Again, more sophisticated iterations of field theory offer additional angles, especially in relation to decision-making and action, but the steps above represent a starting point for describing a particular network or DAO as a field. An important benefit of a field-theoretic perspective is that it lends itself easily to both historical and comparative studies on how different networks evolve and are governed. As decentralized networks grow and mature, such comparative research may become increasingly relevant and insightful.

Conclusion

As long as we’re dealing with human beings, the age old struggle to accumulate power and other resources is likely to remain part of the picture. Time will tell whether the unique characteristics of decentralized networks, as compared to more traditional forms of organization, are sufficient to avoid a tendency towards concentration. Field theory, as a general theory of local social orders, can be applied to frame and analyze these dynamics — a precondition for addressing their more negative long-term consequences.

Further reading on field theory

Field theory has been developed with varying points of emphasis in different social scientific disciplines. Below is a list of references — some of which were used as source material for this post — for anyone interested to learn more.

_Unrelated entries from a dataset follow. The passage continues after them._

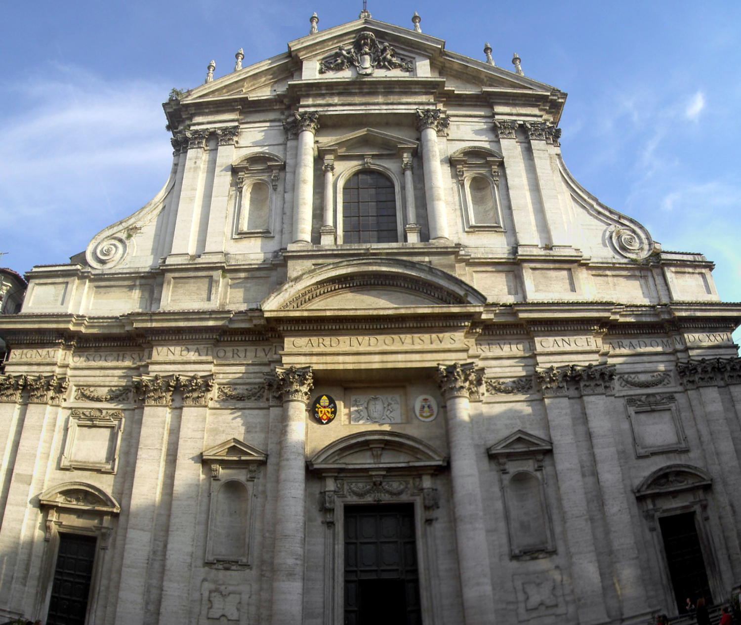 Sant'Ignazio Church, Rome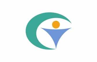 Flag of Gujo Gifu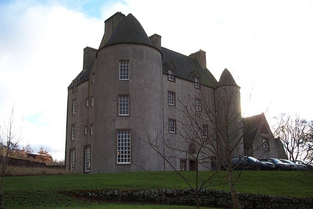 Broughton Place There was a good art exhibition the day we visited.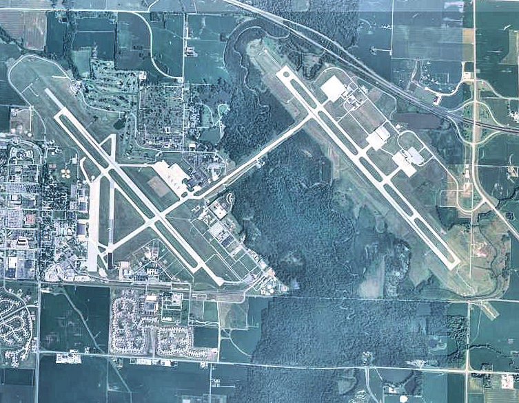 Scott Air Force Base, Illinois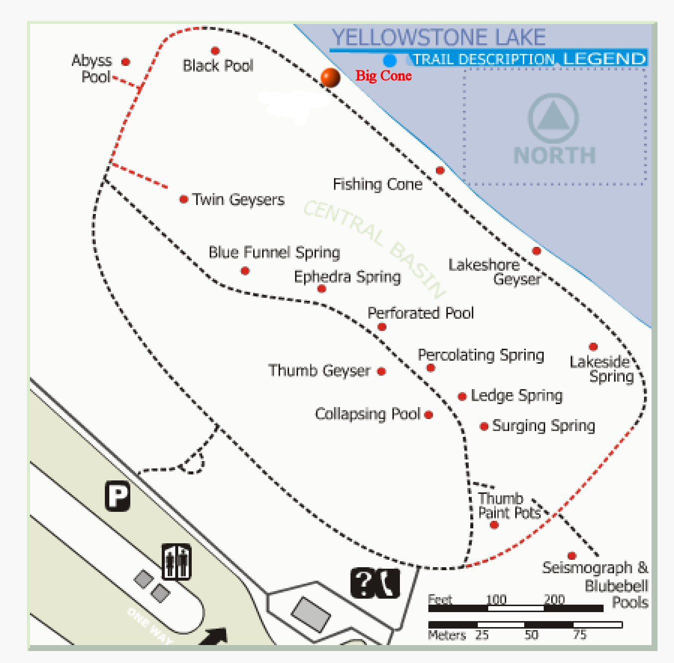 West Thumb Geyser Basin, Yellowstone National Park, Wyoming with Big Cone annotated

  • General overview: Martin, J. L. (2003). What is Field Theory? American Journal of Sociology, Vol. 109, No. 1, pp. 1–49.
  • Early social-psychological perspective: Lewin, K. (1951). Field theory in social science. New York: Harper.
  • Organizational theory perspective: DiMaggio, P. & Powell, W. (1983). The iron cage revisited: Institutional isomorphism and collective rationality in organizational fields. American Sociological Review, Vol. 48, No. 2, pp. 147–160.
  • Social skill and action perspective: Fligstein, N. (2001). Social Skill and the Theory of Fields. Sociological Theory, Vol. 19, No. 2, pp. 105–125.
  • Stratification and power struggles perspective: Hilgers, M. & Mangez, E. (2015). Bourdieu’s Theory of Social Fields: Concepts and Applications. London and New York: Routledge.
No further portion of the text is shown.